Терпение Урубелавы было неистощимо.

Для индейца завтрашний день ничем не отличался от предыдущего Следующий день, а за ним еще один и все последующие дни будут такими же, ведь сельва существовала всегда, и индейцы не знали, что время имеет пределы.

Нарубив ветви для плота, Урубелава прилег поспать – жаркому солнцу потребуется два дня, чтобы высушить ветви.

Когда много веков назад холодный климат оттеснил людей к югу, перед человеком стояла проблема выживания. Здесь ему выжить было просто. Более двадцати тысяч видов растений произрастало в бассейне Амазонки.

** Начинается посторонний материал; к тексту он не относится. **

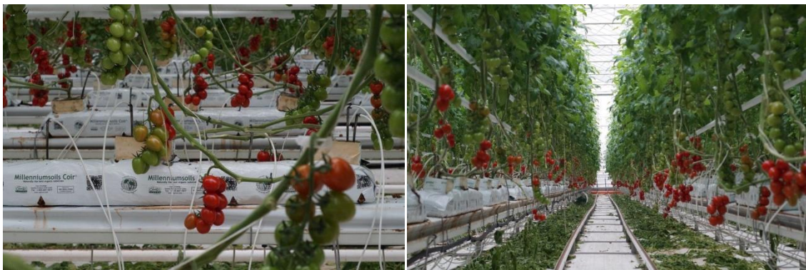
Az Árpád-Agrár Zrt. üvegházának öntözőberendezése

Ez a hosszú távú befektetés nem feltétlenül a vízszámlák miatt fontos. Ilyen kezdeményezések, apró odafigyelések során remélhetőleg el fognak kezdődni egy világszintű összefogás felelős vízfogyasztása érdekében.

Солнце давало человеку тепло, и всюду, где бы он ни ступал, находилась вода. Высокие деревья предоставляли тень, а кустарники с мягкой корой – одежду. Из древесины генилы человек мастерил стрелы и копья, а из прочных рыбьих костей – наконечники для оружия. Желтоватые ветки капироны служили для разведения костров, из ветвей бальсы человек делал плоты, а исполинские сейбы указывали ему направление на время странствий. Из пальмовых листьев человек сплетал хитроумные ловушки для рыбы, если же ему лень было их делать, к его услугам имелись бесчисленные парализующие яды. Здесь было великое множество фруктов и лечебных трав.

Но самое главное, здесь почти не водились опасные для человека хищники. Крокодилы не страшны, если держаться от них подальше; кровожадные пираньи представляют угрозу только безумцу, безрассудно опустившему руку или ногу в воду поблизости от их смертоносной стаи; единственный по-настоящему опасный хищник, ягуар, предпочитает более легкую добычу и редко нападает на человека. Даже насекомые, казалось, жалили только чужеземцев, чья кровь имела странный привкус; индейцев же они почти не трогали, разве что на открытых отмелях по берегам рек. Но ни один человек в здравом уме не появится на отмели, кишащей черными массами дневных москитов пиум, мушек мотука с копьевидными хоботками или отвратительных жалящих барбейро.


* * *

Марика разрезала плод хлебного дерева и накрошила ломтики в котелок. Сверху она долила речной воды, поставила котелок на огонь и присела рядом, наблюдая за пламенем и время от времени помешивая беловатую кашицу. Дождавшись, пока варево остынет, девочка обмазала им нижние ветви дерева на песке, возле которого раньше заприметила следы куропаток. Подумав про «бедное создание», Марика опечалилась, но потом вспомнила про ярко-красную ткань и спросила отца:

– Когда ты найдешь ягуара, мы пойдем считать гевеи?

Урубелава кивнул:

– Конечно. За этим мы и пришли сюда.

Перед заходом солнца Урубелава еще раз перевернул бальсовые ветви, чтобы они высыхали равномерно. Найдя плоский камень, он заточил о него свой нож. Когда сгустились сумерки, они зажарили и – съели трех куропаток, пойманных на птичий клей. День, неотличимый от всех остальных, подошел к концу, отец и дочь легли, накрылись одеялом и уснули.


* * *

На рассвете Бишу проснулась. Ее окружал аромат влажной теплой древесины и резкий запах папоротников. Инстинктивно потянувшись, она взвизгнула от боли, и тут же вместе с воспоминаниями обо всем, что произошло, к ней вернулась бдительность.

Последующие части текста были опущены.